From this approach, flowed a wide variety of strategic initiatives. In order to rehabilitate the worst eyesores in target neighborhoods, HANDS staff had to become experts in clearing title, because they all had title issues. We organized block association leaders and CrimeWatch captains into the Community Problem Property Task Force to press City Hall for action. HANDS staff helped write the Abandoned Properties Rehabilitation Act, which gave dramatic powers to municipalities to deal with vacant, deteriorated properties, and we lobbied the legislature and the governor for its passage. Orange was the first city to use it. HANDS also pioneered a demonstration program that rewrote the rules that had made the use of housing subsidies for scattered site rehab practically impossible.
The Results: Impact
After nine years the decline had stalled and momentum had begun to shift in a positive direction. In 1995, one in ten homes in Orange was vacant and deteriorated—392 in total. HANDS worked its strategy and redeveloped 66 of the worst eyesores in target locations. By 2008 the total number of vacant problem properties had been reduced to 49.

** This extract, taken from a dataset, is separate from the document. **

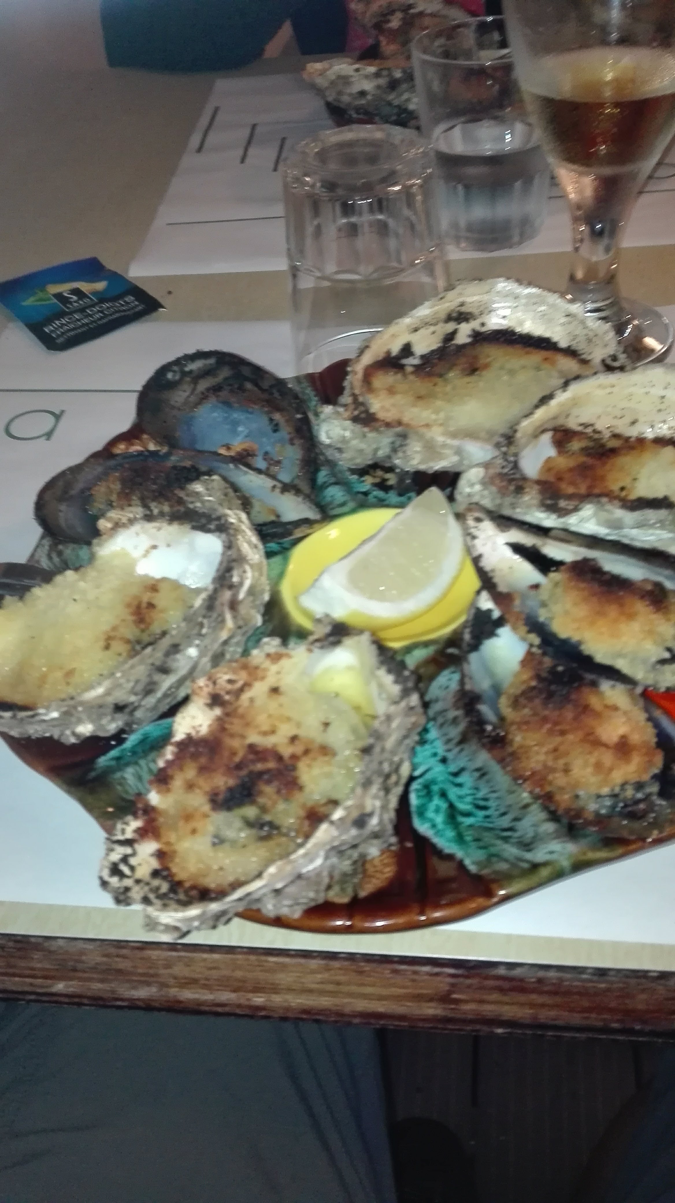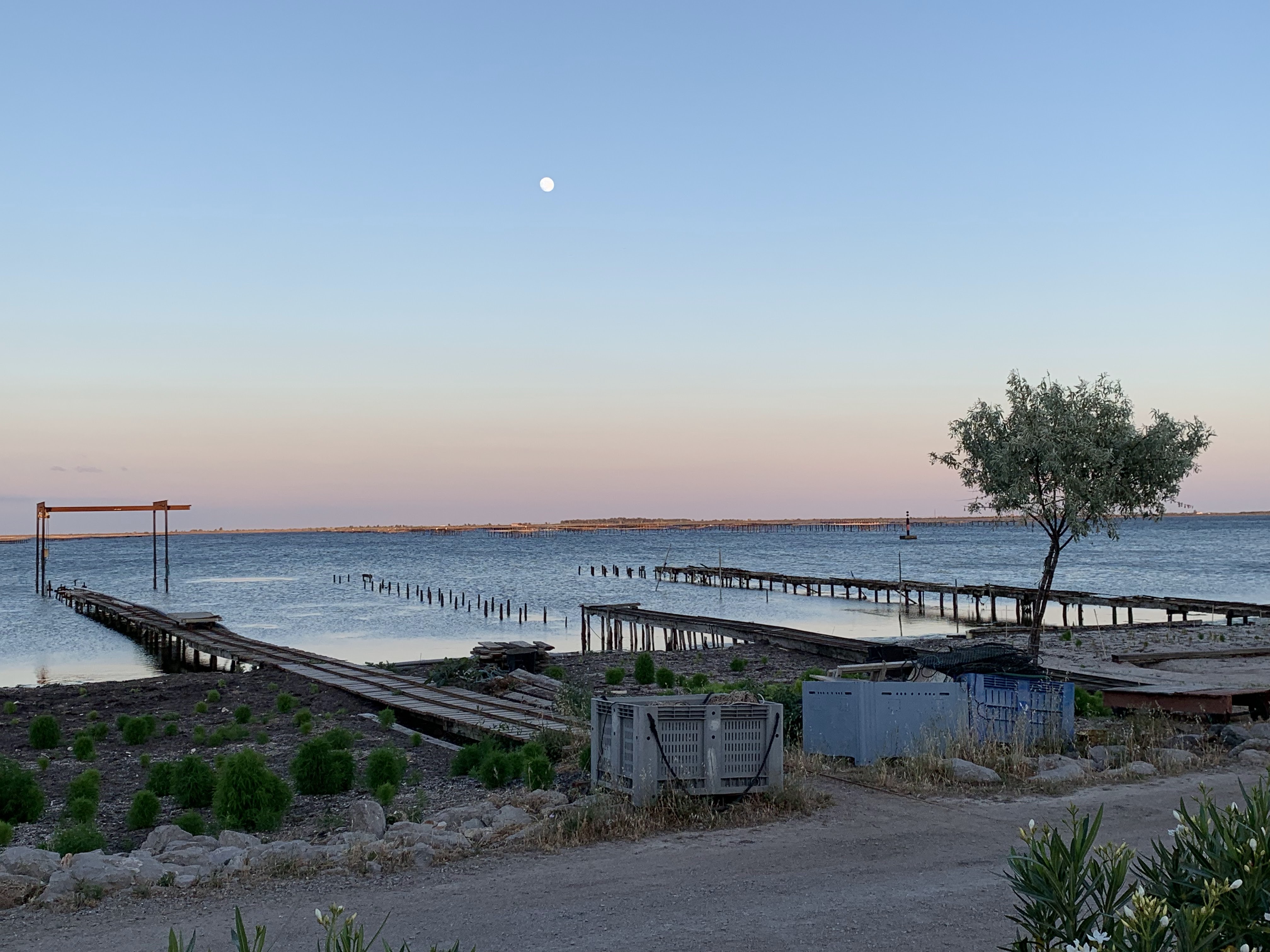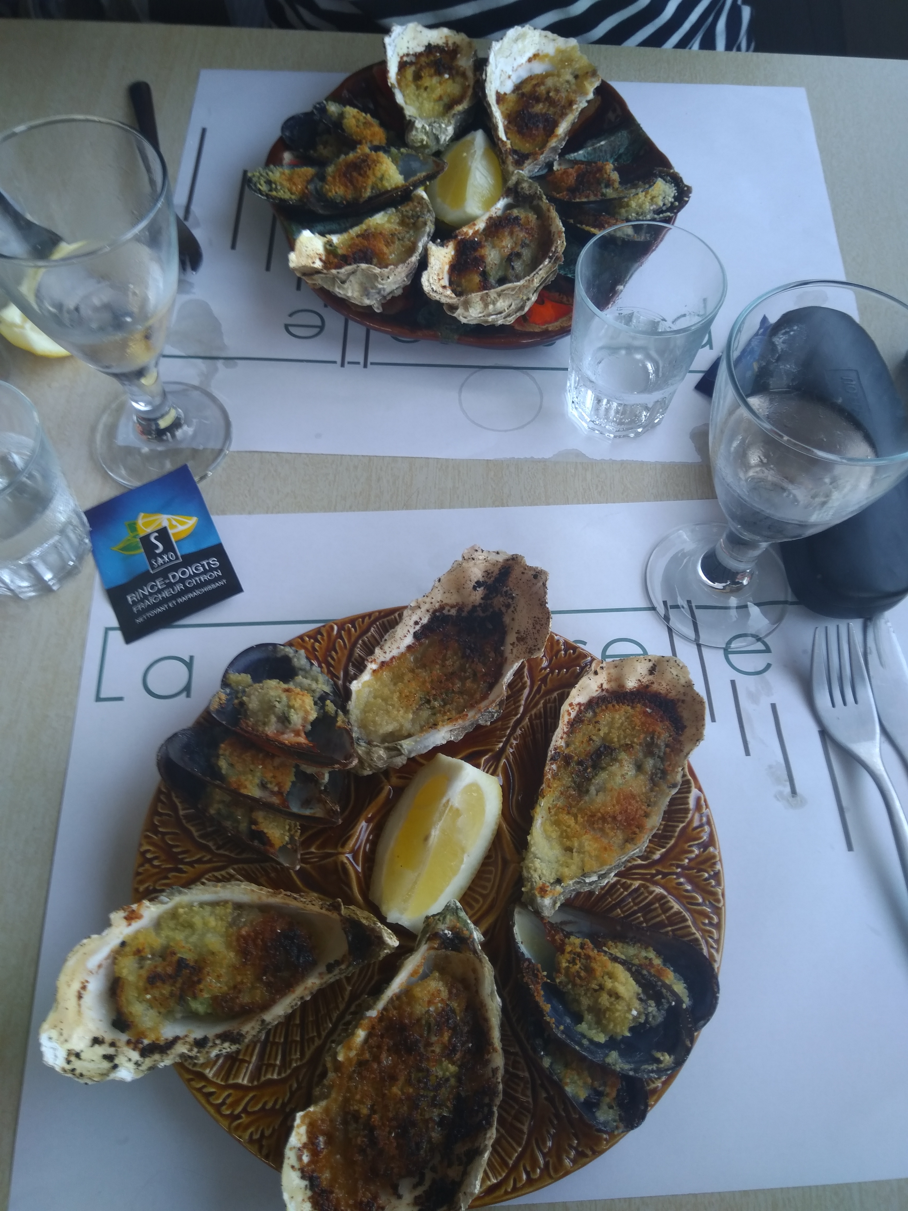 Un régal : huîtres de l’étang de Thau, moules idem gratinées comme nulle part ailleurs et pour conclure un pot de glace local avec une vingtaine de parfums au choix Waouhhh !!!! On y retourne demain! Et le paysage est sublimé par ce bel étang de Thau

By that time we had already begun to employ a similar strategy aimed at redeveloping vacant industrial and commercial sites. Stakeholders were gathered together around comprehensive neighborhood revitalization plans that would increase jobs and tax ratables, expand arts and culture, increase youth programming and invigorate public spaces. HANDS acquired industrial and commercial properties for redevelopment and incubated two new community organizations to drive a revitalization vision forward. The foreclosure crisis and the economic downturn have disrupted progress, but HANDS’s pivotal role in this community is a vital piece of its resilience in the face of the current downturn.
Admittedly, there were moments when HANDS’s “small scale” was a disadvantage. But we handled that with partnerships. At one point we had taken on one too many complex sites and couldn’t possibly handle the redevelopment and build out. After completing all the environmental, zoning, flood management, and redevelopment approvals for a four-acre (220-unit) site, we brought in private sector partners to develop it with us. Beyond that site, we will work with those same partners to develop more sites in that area. While we would have preferred working with nonprofits, none fit the bill as suitable partners for the project.
The Future of CDCs
There is skepticism about the value of CDCs, even among the people who care deeply about urban revitalization. Some of that is deserved, because so many organizations have been reluctant to take the risks associated with leadership within their communities. If those organizations and their supporting partners are prepared to commit themselves to assuming leadership, playing a catalytic role, and employing the strategies that will yield measureable impact, then CDCs will have claimed their rightful place in the movement for livable, more equitable cities. If not, then support will continue to erode and supporting those organizations will become that much harder.